Single crystals of oxyproto- and oxymesocobalt myoglobin have been examined by electron paramagnetic resonance spectroscopy at ambient and cryogenic temperatures in order to determine the principal values and eigenvectors of g tensors and the hyperfine coupling tensors. The Co--O--O bond angle was determined to be 125 degrees +/- 5 degrees for oxyprotocobalt myoglobin, and 153 degrees +/- 5 degrees for oxymesocobalt myoglobin at ambient temperature.
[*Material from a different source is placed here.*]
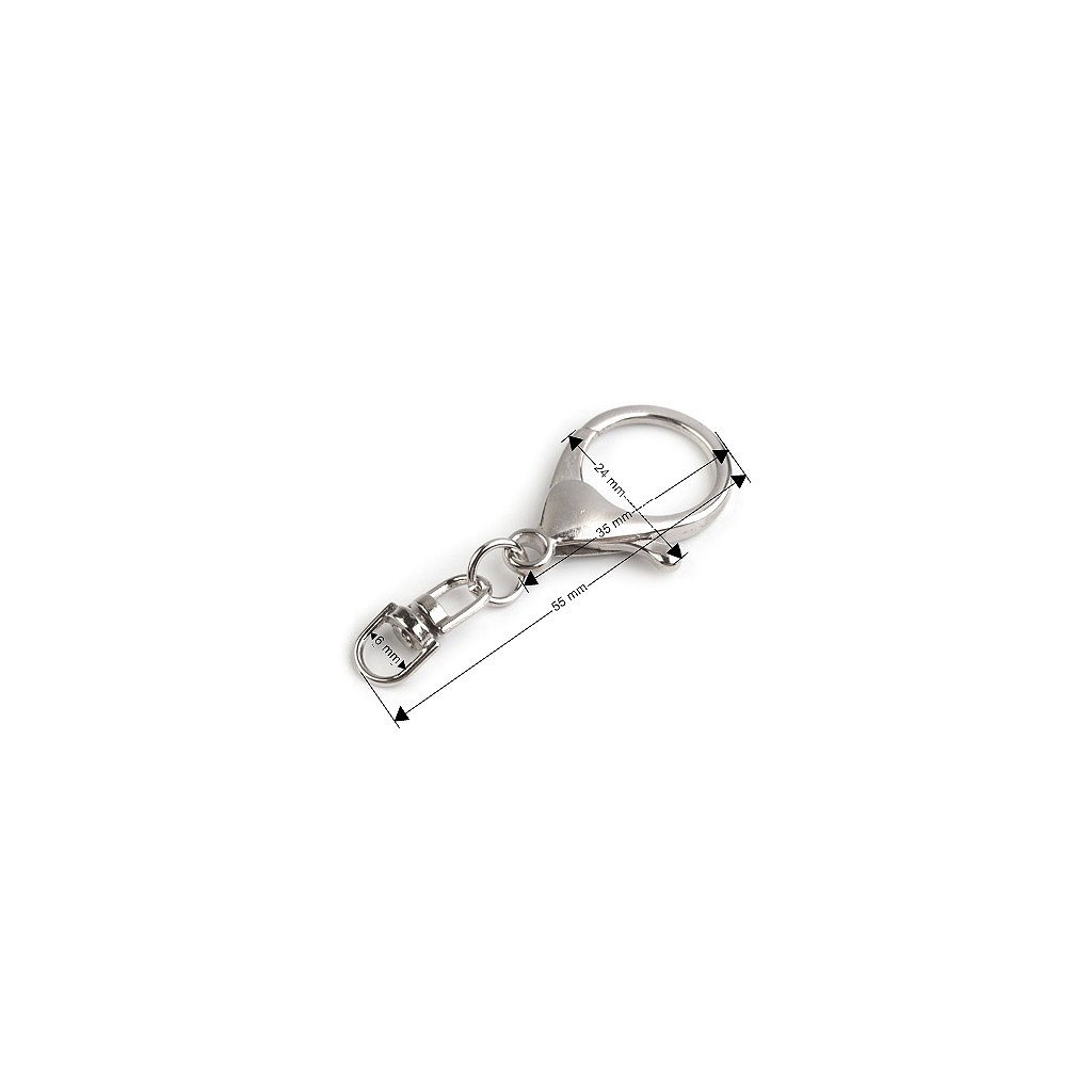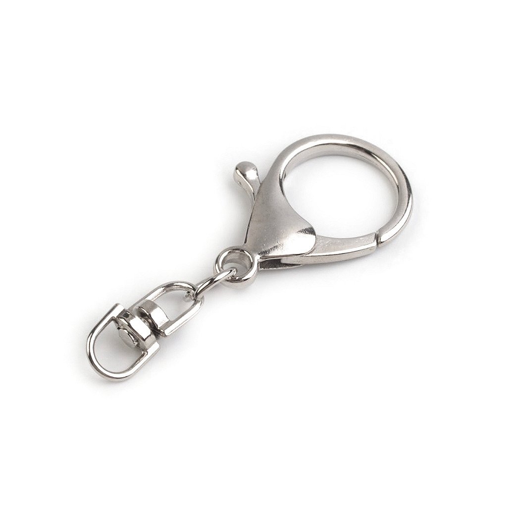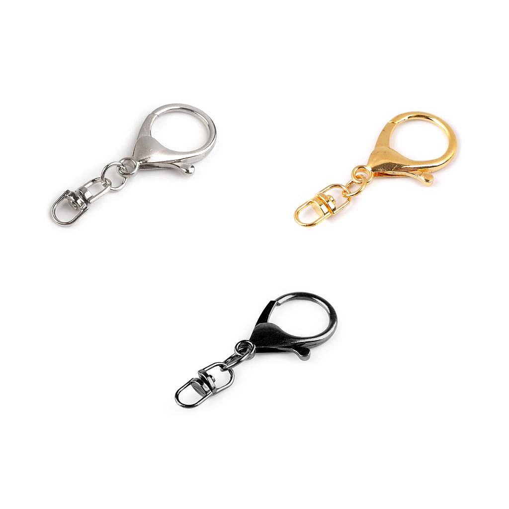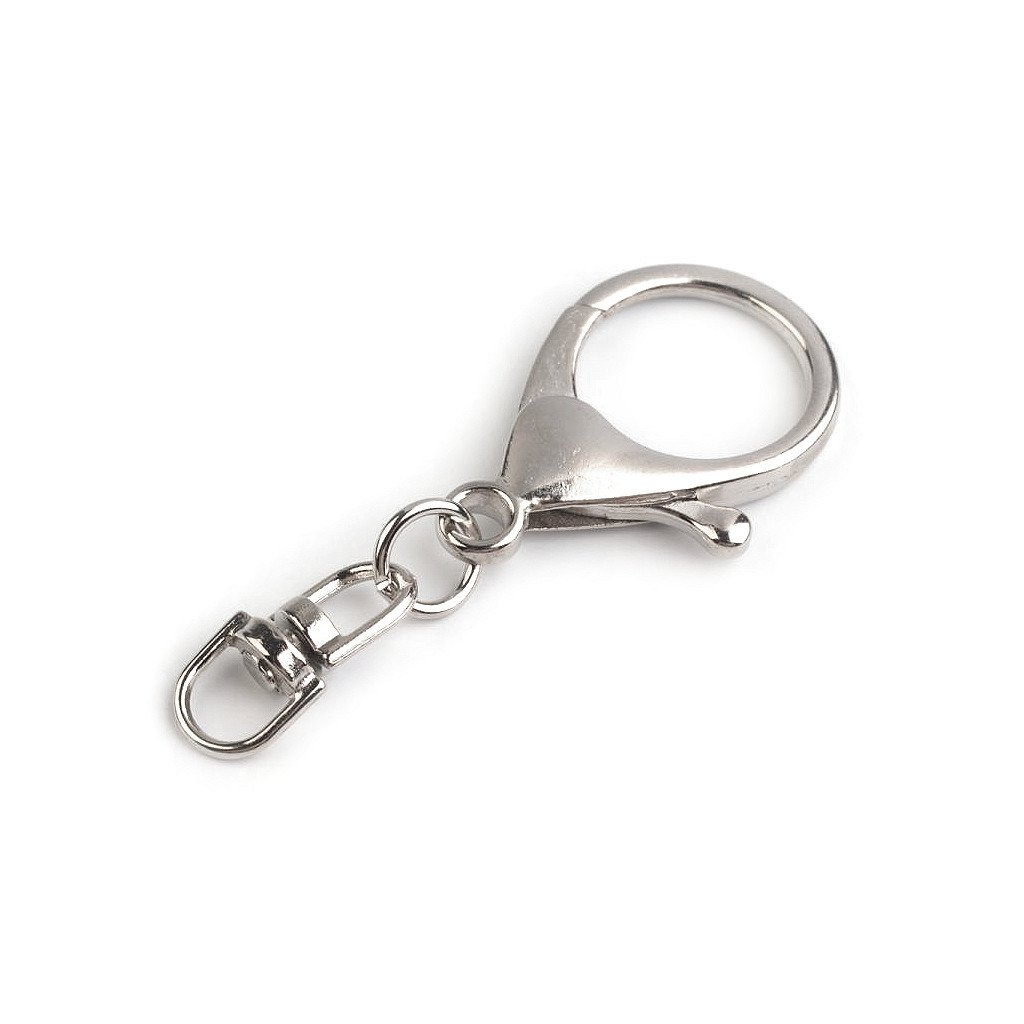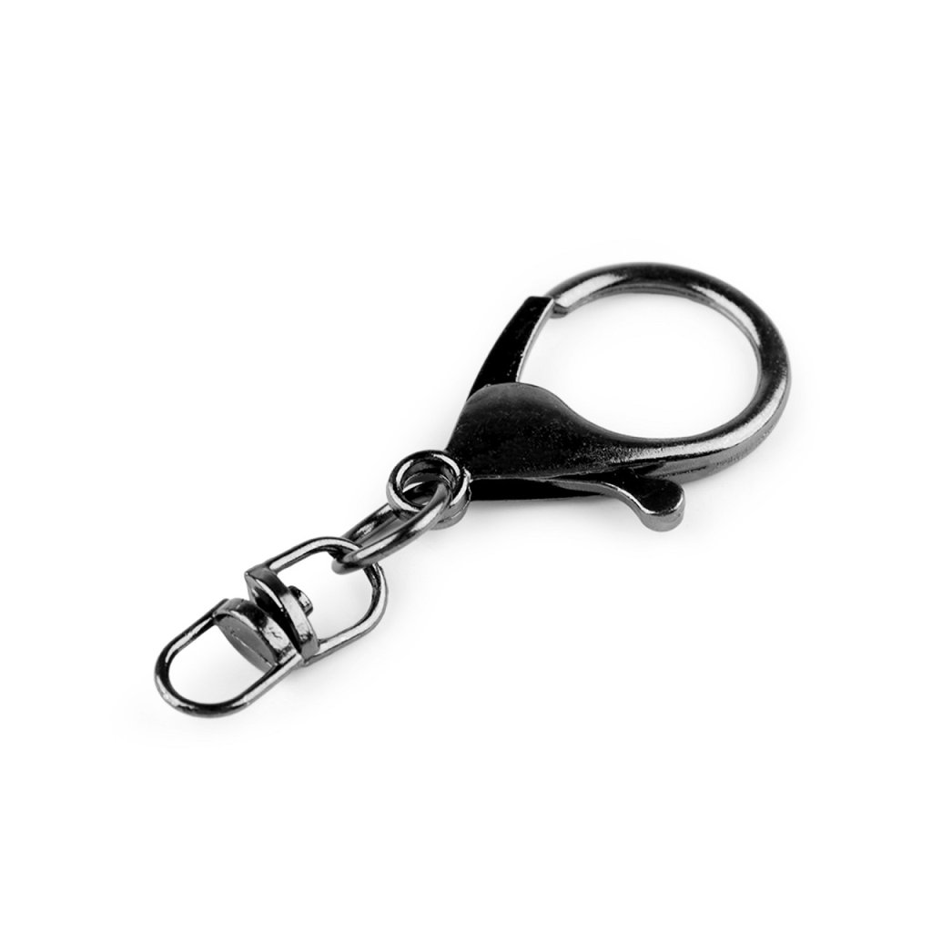 Kovová karabinka je připevněná na otočném obrtlíku. Využijete ji k výrobě klíčenek či různých přívěsků na tašky, kabelky, batohy apod.

This result suggests that differences in stereochemical interactions of the modified 2,4-side chains of porphyrin with protein contribute to the ligand orientations as well as the altered ligand-binding behavior in these hemoproteins. Upon freezing, two unequivalent orientations of the O--O axis (species I and II) were found in both oxycobalt myoglobin single crystals. Shifts of the resonance spectra of these species were observed below the freezing point of the crystals. The signal intensities of two paramagnetic species in oxyprotocobalt myoglobin were approximately equivalent (I congruent to II), whereas those in oxymesocobalt myoglobin were quite different (I greater than II) at 77 K. The present electron paramagnetic resonance studies demonstrate that changes in the bonding structure of Co--O2 are induced upon freezing the biological macromolecule, including the movement of the residues of the heme environment.